# Requirement
For this exercise, return only the lines in the records below from the one holding "Okay, imagine you’re" through the one holding "И произойдёт это", including both, exactly as they appear and without pictures.

# Data excerpts
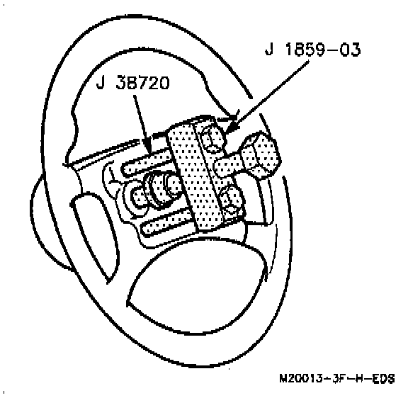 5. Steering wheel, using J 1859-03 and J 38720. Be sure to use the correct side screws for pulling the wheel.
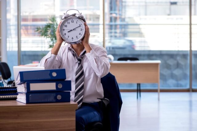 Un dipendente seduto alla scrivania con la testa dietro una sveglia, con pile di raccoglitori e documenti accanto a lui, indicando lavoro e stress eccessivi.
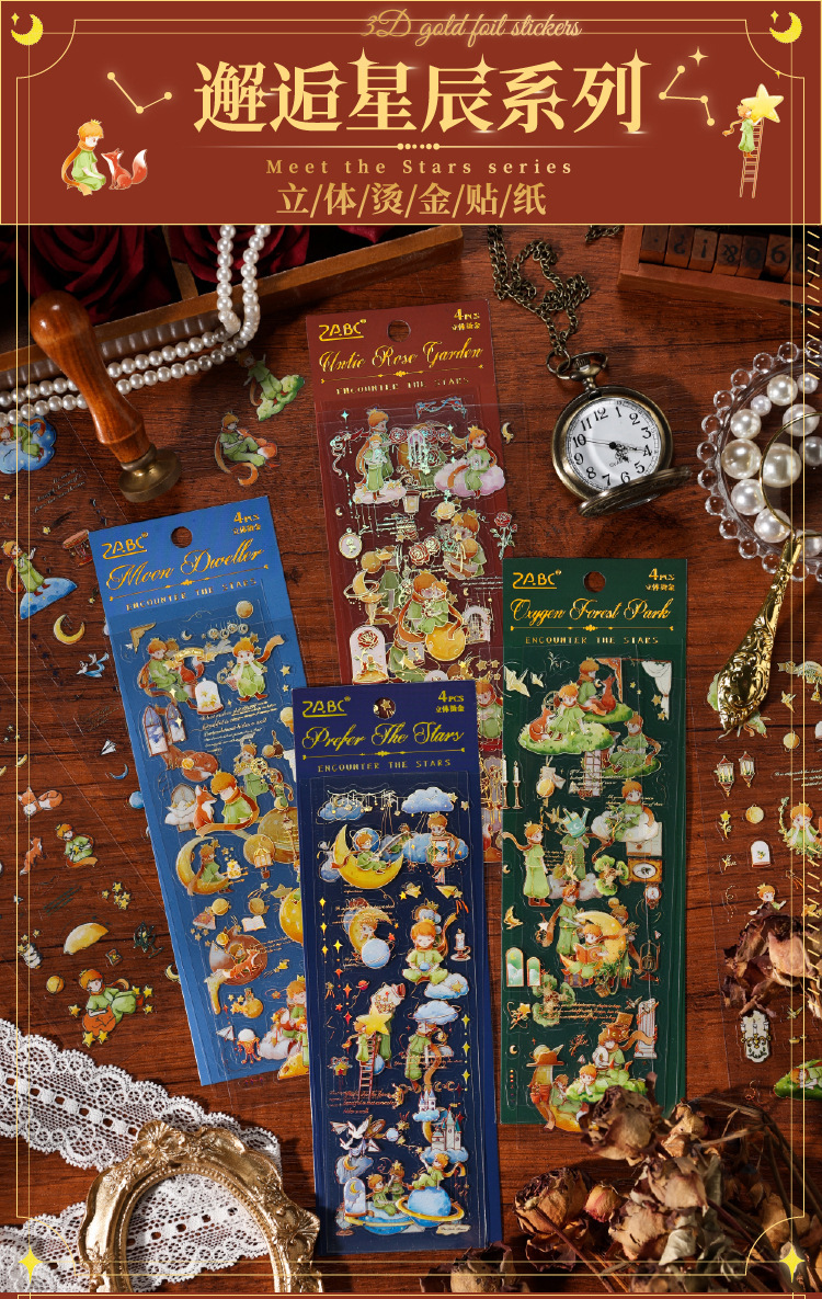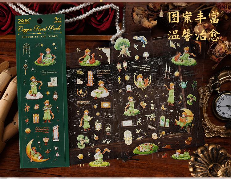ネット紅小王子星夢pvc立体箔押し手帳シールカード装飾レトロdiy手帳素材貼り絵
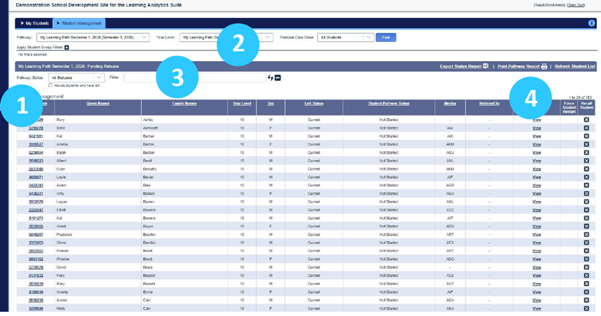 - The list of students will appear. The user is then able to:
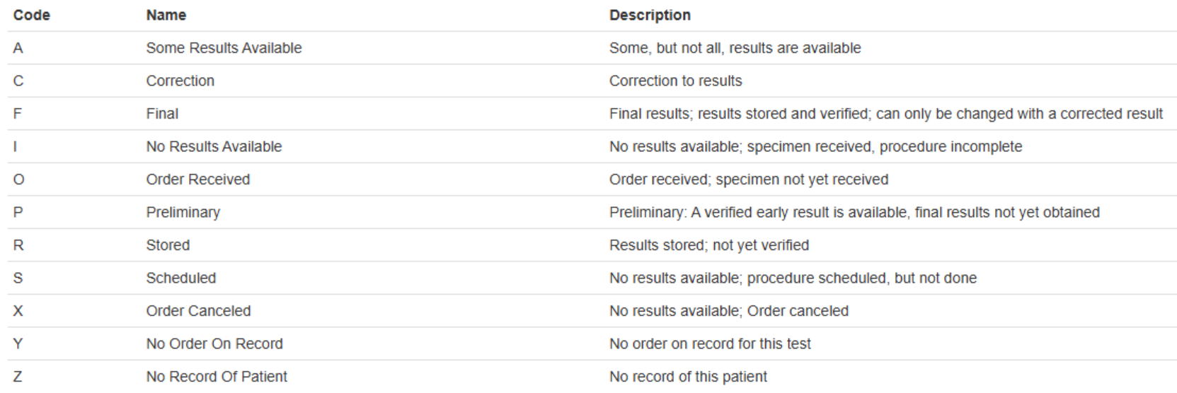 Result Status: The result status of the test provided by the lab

--

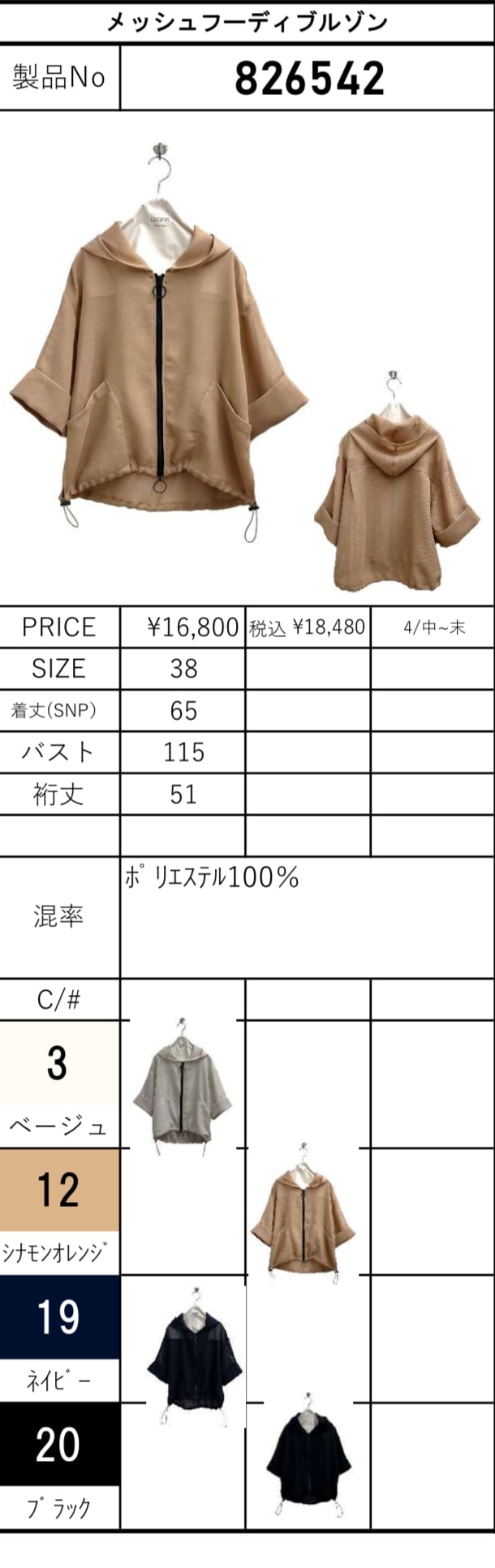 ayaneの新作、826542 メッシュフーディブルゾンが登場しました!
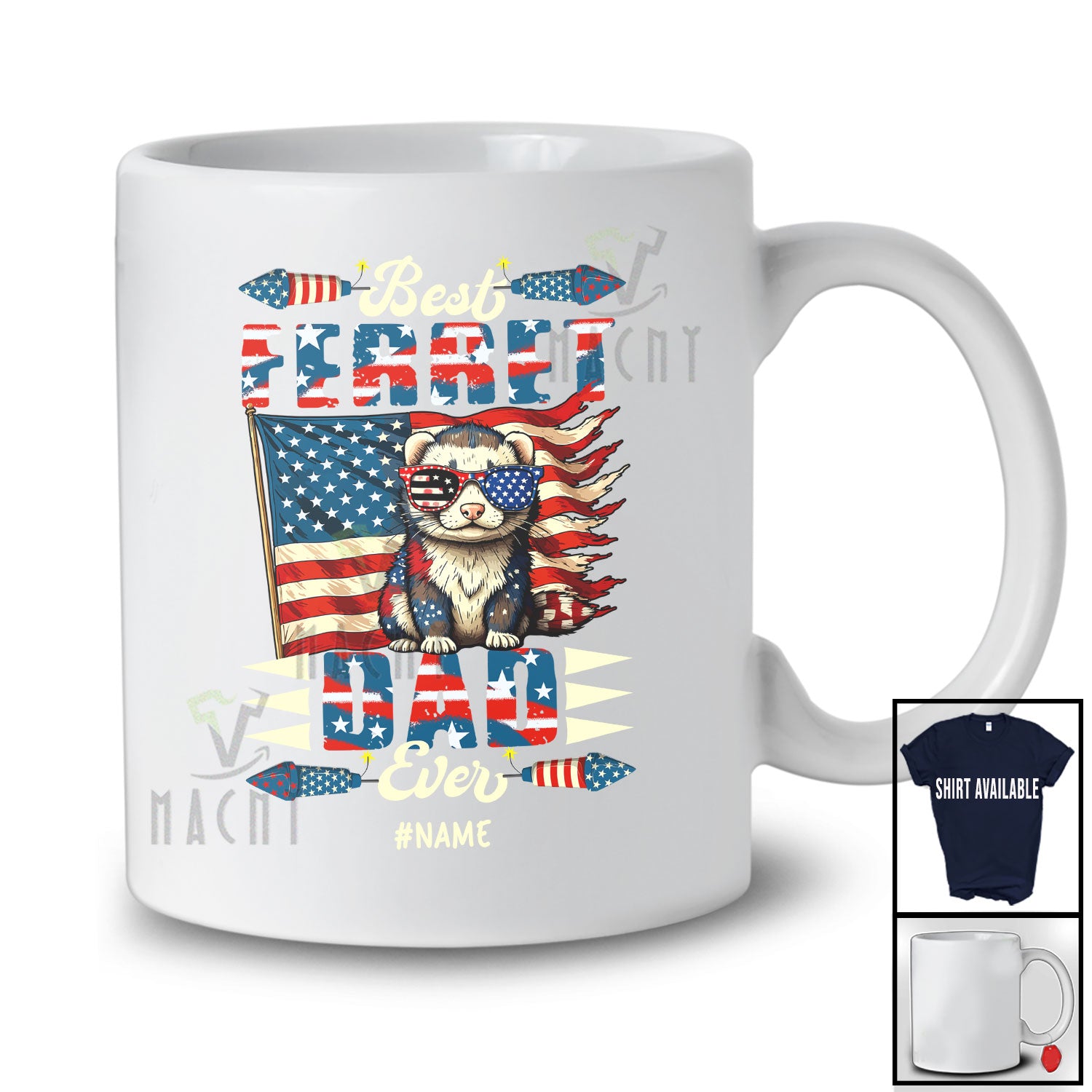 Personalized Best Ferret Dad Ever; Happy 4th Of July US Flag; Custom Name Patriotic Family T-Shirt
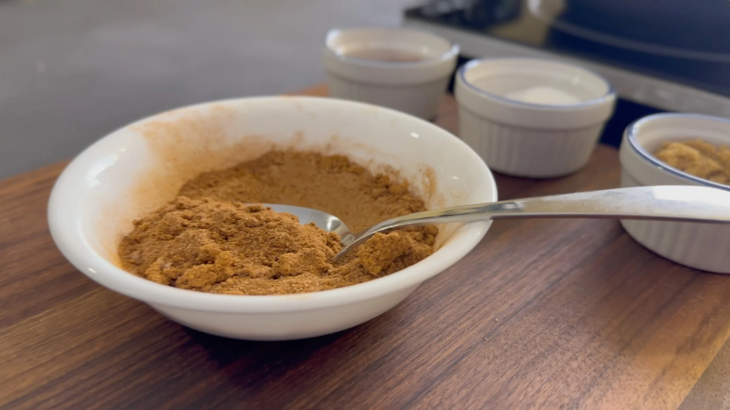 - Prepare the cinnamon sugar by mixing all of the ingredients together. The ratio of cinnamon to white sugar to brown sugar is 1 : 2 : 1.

==

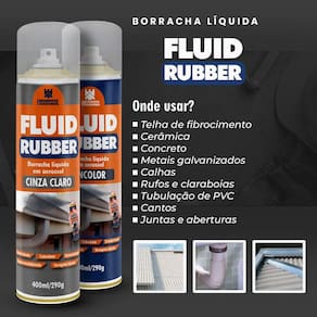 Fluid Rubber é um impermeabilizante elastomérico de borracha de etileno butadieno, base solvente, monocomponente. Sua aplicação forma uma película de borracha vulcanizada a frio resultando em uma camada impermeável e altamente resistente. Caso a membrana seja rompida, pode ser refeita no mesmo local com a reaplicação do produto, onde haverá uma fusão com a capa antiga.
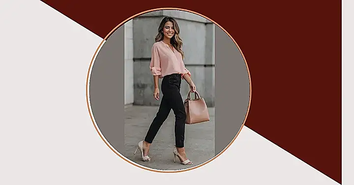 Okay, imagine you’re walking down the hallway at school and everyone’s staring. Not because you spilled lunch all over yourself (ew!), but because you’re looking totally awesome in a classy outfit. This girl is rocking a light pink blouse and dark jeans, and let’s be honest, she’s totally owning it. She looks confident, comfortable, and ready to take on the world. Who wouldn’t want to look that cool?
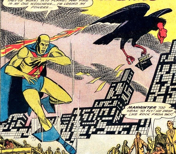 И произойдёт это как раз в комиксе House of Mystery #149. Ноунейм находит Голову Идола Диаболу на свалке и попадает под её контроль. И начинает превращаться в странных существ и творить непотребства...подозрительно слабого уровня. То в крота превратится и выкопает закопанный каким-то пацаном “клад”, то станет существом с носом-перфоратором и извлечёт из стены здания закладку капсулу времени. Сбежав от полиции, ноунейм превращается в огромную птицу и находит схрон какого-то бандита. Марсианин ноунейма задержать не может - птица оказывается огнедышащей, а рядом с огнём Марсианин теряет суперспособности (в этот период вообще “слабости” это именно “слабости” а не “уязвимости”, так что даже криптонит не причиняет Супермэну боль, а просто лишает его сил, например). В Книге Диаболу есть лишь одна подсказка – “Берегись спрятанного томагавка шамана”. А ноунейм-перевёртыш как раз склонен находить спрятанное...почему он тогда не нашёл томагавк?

# Answer section
 Okay, imagine you’re walking down the hallway at school and everyone’s staring. Not because you spilled lunch all over yourself (ew!), but because you’re looking totally awesome in a classy outfit. This girl is rocking a light pink blouse and dark jeans, and let’s be honest, she’s totally owning it. She looks confident, comfortable, and ready to take on the world. Who wouldn’t want to look that cool?
 И произойдёт это как раз в комиксе House of Mystery #149. Ноунейм находит Голову Идола Диаболу на свалке и попадает под её контроль. И начинает превращаться в странных существ и творить непотребства...подозрительно слабого уровня. То в крота превратится и выкопает закопанный каким-то пацаном “клад”, то станет существом с носом-перфоратором и извлечёт из стены здания закладку капсулу времени. Сбежав от полиции, ноунейм превращается в огромную птицу и находит схрон какого-то бандита. Марсианин ноунейма задержать не может - птица оказывается огнедышащей, а рядом с огнём Марсианин теряет суперспособности (в этот период вообще “слабости” это именно “слабости” а не “уязвимости”, так что даже криптонит не причиняет Супермэну боль, а просто лишает его сил, например). В Книге Диаболу есть лишь одна подсказка – “Берегись спрятанного томагавка шамана”. А ноунейм-перевёртыш как раз склонен находить спрятанное...почему он тогда не нашёл томагавк?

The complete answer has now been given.